Oczywiście, że tak, choć nie chcę tego wątku rozwijać. Zapewniam, że miałem telefony, które nadawałyby się do dobrych thrillerów. Bo widzi pan – zadzwonić do kogoś i mu nawrzucać, to w sumie żadna sztuka. Ale „zaserwować” komuś serię telefonów – serię trwającą tygodniami – z których wynika tylko to, że dzwoniący jest bardzo niezadowolony, ale to ja muszę się domyśleć o co chodzi i jakie będą konsekwencje tego niezadowolenia, to już kryminalna maestria. Ale z czasem uodporniłem się na nawet najbardziej wyrafinowane socjotechniki. Bójkę też już mam za sobą.
- Pojawił się moment w którym pomyślał Pan, że lepiej będzie przestać pisać o Masie i polskiej mafii?
Takich momentów było kilka. I to nie tylko z powodu wspomnianych wyżej telefonów czy listów od przestępców. Także z powodu fali hejtu, która rozlała się po całym internecie, a była skierowana przeciwko naszym książkom i przeciwko samemu Masie. Oczywiście, mi się przy okazji też dostawało, a krytycy nie przebierali w słowach i pomówieniach. „Niespełniony gangster” czy „promotor bandyty” to jedne z łagodniejszych wyzwisk.
W końcu uznałem, że nie mogę przejmować się atakami anonimowych autorów – jeśli ktoś ma mi coś do zarzucenia, niech otworzy przyłbicę i niech mi powie w twarz to, co ma do powiedzenia.
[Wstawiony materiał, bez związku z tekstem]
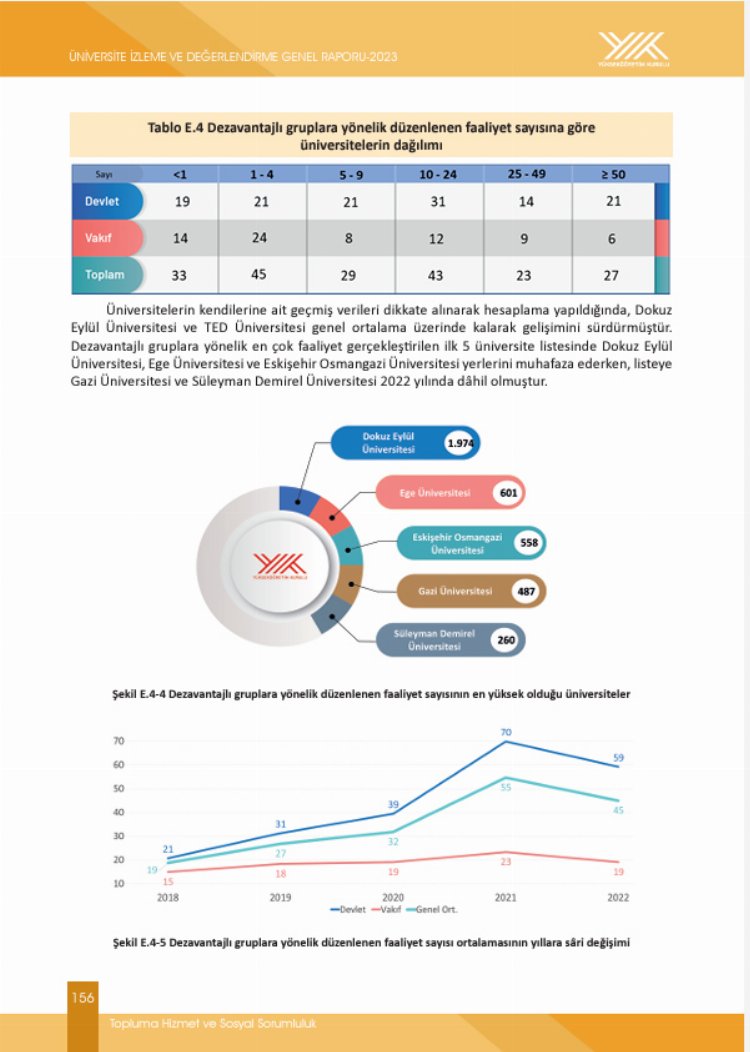 Dokuz Eylül Üniversitesi (DEÜ), Yükseköğretim Kurulu (YÖK) tarafından hazırlanan ‘2023-Üniversite İzleme ve Değerlendirme Genel Raporu’nda önemli başarılara imza atmış, 3 farklı göstergede Türkiye birincisi olurken; 7 göstergede ise Türkiye’de ilk 5 içinde yer almıştı. DEÜ’nün Türkiye’nin zirvesinde bulunduğu alanlardan birisi de ‘Dezavantajlı gruplara yönelik düzenlenen faaliyet sayısı en yüksek olan üniversiteler’ başlığı oldu. 2022 yılına ait veriler ışığında düzenlediği 1974 faaliyet ile bu göstergede açık ara zirvede yer alan DEÜ,bu alandaen yakınüniversiteye üç katından fazla, 1373 fark attı. Engelsiz toplum misyonu kapsamındaki çalışmalarıyla fark yaratan DEÜ,sosyal sorumluluk projesi faaliyetlerinin en yüksek olduğu üniversiteler arasındaysa Türkiye üçüncüsü oldu.

Internet wykreował bohatera naszych czasów – bezkompromisowego, szalenie odważnego, ale… głęboko schowanego i kąsającego z ukrycia. Poza tym, sukces książki uświadomił mi, że sojuszników jest chyba jednak więcej niż wrogów.
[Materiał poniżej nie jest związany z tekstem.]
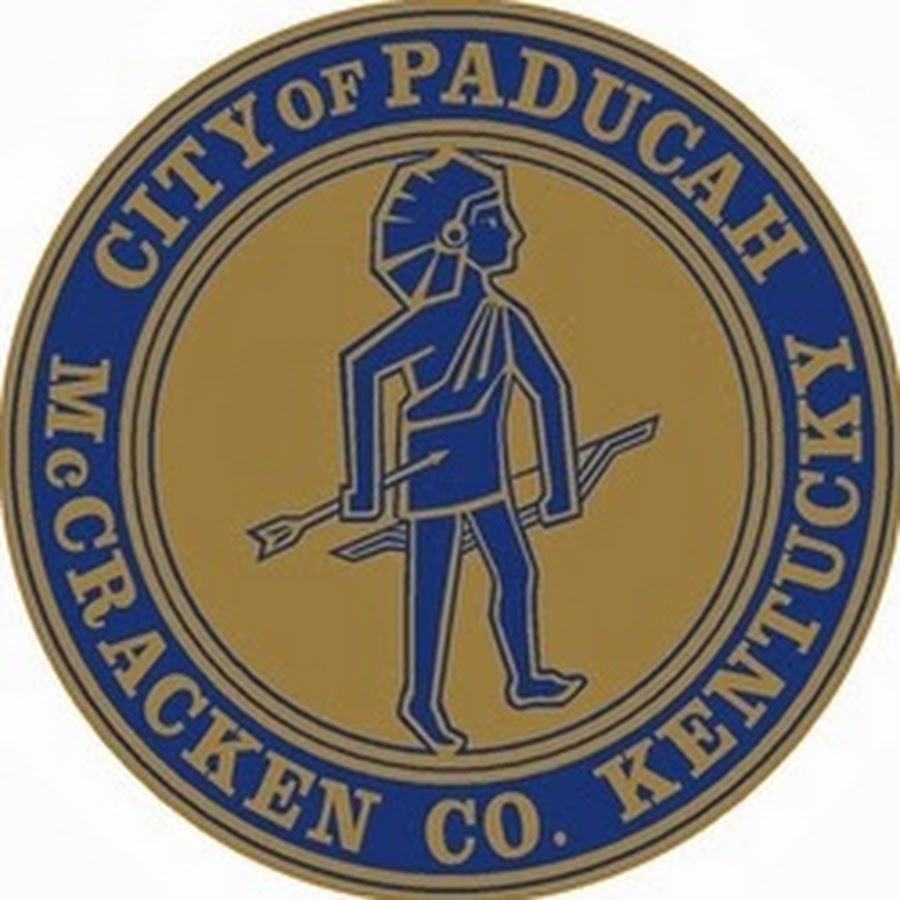 The colors are red, white and blue of the same hues as those in the flag of the United States of America; is composed of three broad vertical panels, a broad white center panel flanked on either side by a slightly narrower red panel. Outlined in blue against the white center panel is a close-up likeness of the head and shoulders of Chief Paduke, the Indian Chief for whom the city was named in 1827 by its founder, General William Clark; a circle of fifteen stars surround the Chief's profile, indicating Kentucky's status as the fifteenth state to enter the Union; underneath the circle of stars appears the date 1827; and the stars and date are also in blue against the white background of the center panel.Daniel Renterķa, 7 February 2024

- Wraz z premierą ostatniej książki o Jarosławie Sokołowskim, zbiegła się data wydania Pana innego tytułu - "Po prostu zabijałem". Znów pisze Pan o przestępstwach, morderstwach - dlaczego?
Bo zło fascynuje, jest znakomitym tematem dla opowiadacza historii. I dla literatury, i dla filmu. Autorzy kryminałów wymyślają zło w swoich głowach, a ja wolę pofatygować się do więzienia, aby porozmawiać z człowiekiem, przed którym drżeli inni. I próbować go zrozumieć. Powtarzam: zrozumieć, nie przebaczyć, bo ja nie jestem od przebaczania, ale od pisania. Nawiasem mówiąc, nie jestem typem dziennikarza ślęczącego nad dokumentami procesowymi – owszem, czytam to, co niezbędne, ale wolę rozmawiać z żywymi ludźmi. To trochę trudniejsze, ale daje o wiele większą satysfakcję.
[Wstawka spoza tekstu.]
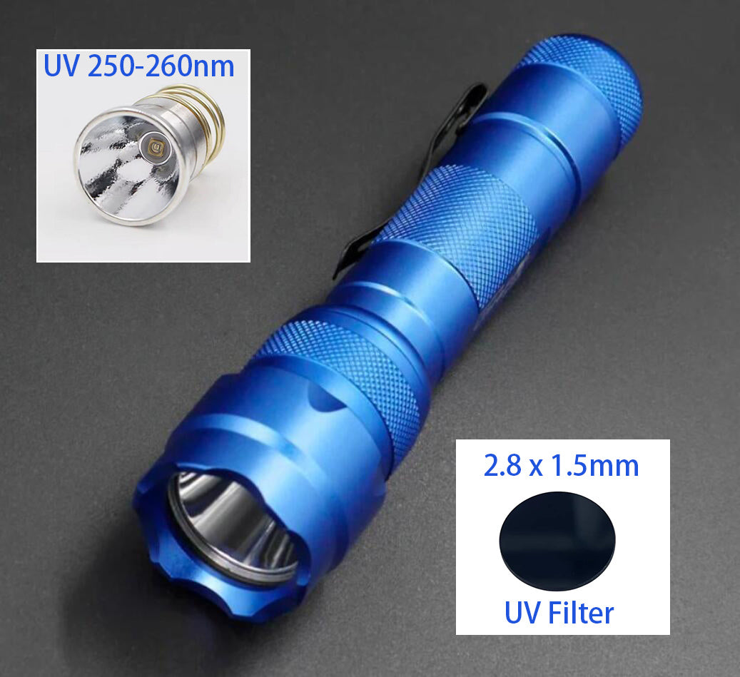 5W UV 255nm 254nm 275nm 310nm 340nm UVC LED Short Wave Flashlight with Filter For Mineral Stone Disinfection

Bohaterem „Po prostu zabijałem” jest seryjny morderca – człowiek, o tak krwawych dokonaniach, że normalnemu człowiekowi trudno to ogarnąć rozumem. Kiedy jechałem do niego, do zakładu karnego, zastanawiałem się, czy powinienem mu w ogóle podać rękę. Spodziewałem się skutego łańcuchami i z maską na twarzy Hannibala Lectera w polskiej wersji. Tymczasem bestia okazała się sympatycznym mężczyzną w moim wieku, z którym rozmawiałem w kantynie bez żadnej asysty strażników. Chwile wcześnie, w tym samym więzieniu rzucił się na mnie jakiś napakowany skazany z metalowym krzesłem i chciał mi rozpłatać głowę. Ale w ostatniej chwili wróciła mu zdolność racjonalnego myślenia i zachowywania się. Rzucił krzesło na ziemię i po krótki „a ch… wam wszystkim w dupę”, wyszedł z kantyny. „Mój seryjny” morderca był o wiele spokojniejszy i nawet przez chwile nie sprawiał wrażenia człowieka groźnego. Rozmowa z nim uświadomiła mi pewien banał: człowiek nie rodzi się zły, ale łatwo go na złą drogę skierować. A potem już wszystko toczy się niemal automatycznie. Wiem, że to zła wiadomość, ale w określonych okolicznościach każdy z nas jest gotów zabić.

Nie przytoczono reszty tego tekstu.